Perovskite or double perovskite structures are adopted by a variety of compounds. They can have a range of applications, e.g., in optoelectronics. The stability and band gap of the materials need to be optimized for the specific type of application. Oxide perovskites, for example, can show higher stabilities than halide perovskite compounds.

Optimal band gaps for, e.g., solar cell applications are often in the near-IR range. For achieving these bands gaps, the inclusion of heavier elements can be useful.

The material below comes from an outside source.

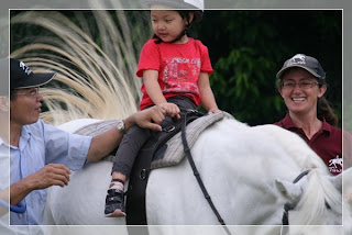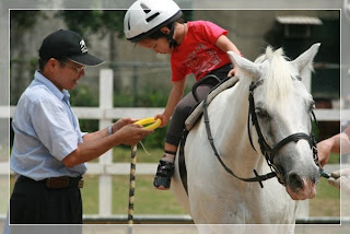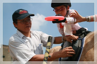 星期六我來到馬場時, 通常已經有一台「小黃」停在樹底下。裡面有一位中年男子在睡覺, 他就是李叔叔,PSA的企業志工。李叔叔剛下完大夜班,只在車上稍微休息一下,等一會兒他就要從九點鐘一直到十一點半鐘陪伴幾位來馬場參加馬術治療課程的小朋友。首先是一位上幼稚園的小女孩,她在嬰兒階段因一場車禍而傷到腦部,整個身體軟趴趴的。因為軀幹及頭部的控制很差,所以前十分鐘治療師會讓她橫趴在馬背上訓練她抬頭。初來馬場時小女孩在跨坐時需要很多的協助,以致陪走員的手臂一下子就會感到很酸,不過現在她已進步很多,只需要很少的扶助即可。小女孩的脾氣有時有一點扭,他不隨便接受陌生人陪她,如果李叔叔因故不能來,就只好請平常已經忙她忙到很累的家長來幫忙。

For example, the band gap of the oxide double perovskite Ba₂AgIO₆ could be optimized by replacing Ag with the heavier Au. However, there had been no gold oxide perovskites of this type reported so far.

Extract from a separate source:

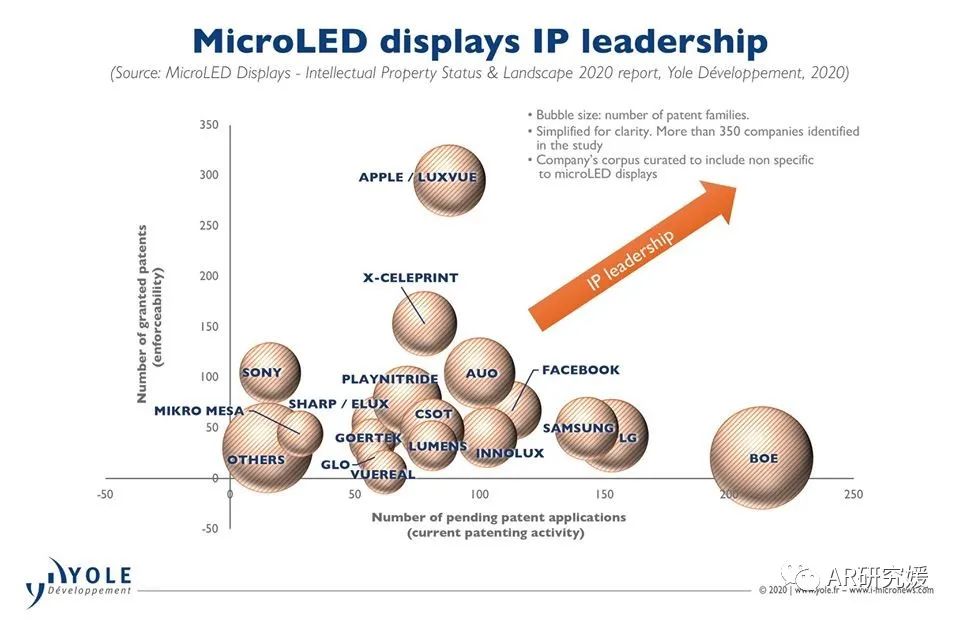 来自2020年Yole报告,Apple已授权MicroLED专利遥遥领先

Tyrel M. McQueen, Johns Hopkins University, Baltimore, MD, USA, and colleagues have synthesized the first gold-containing double perovskite, Ba₂AuIO₆ (pictured) and compared it with the “lighter” analogues Ba₂AgIO₆ and Ba₂NaIO₆. The team used hydrothermal syntheses to prepare Ba₂AgIO₆ and Ba₂AuIO₆ from either Au₂O₃ or Ag₂O, Ba(OH)₂·8H₂O, and H₅IO₆. Ba₂NaIO₆ was synthesized from NaIO₄ and Ba(OH)₂·8H₂O via a solid-state reaction.

The products were characterized using X-ray diffraction, confirming the double-perovskite structure. Ba₂NaIO₆ has a cubic perovskite structure, while Ba₂AuIO₆ and Ba₂AgIO₆ show a monoclinic distortion. The band gaps of Ba₂AuIO₆ and Ba₂AgIO₆ are ca. 1.3 eV and ca. 2.1 eV, respectively. These values are promising for solar and other optoelectronic applications, but the stability of the compounds still needs improvement.

• A Gold(I) Oxide Double Perovskite: Ba₂AuIO₆,
  Elizabeth A. Pogue, Jack Bond, Cassandra Imperato, John B. S. Abraham, Natalia Drichko, Tyrel M. McQueen,
  J. Am. Chem. Soc. 2021.
  https://doi.org/10.1021/jacs.1c08241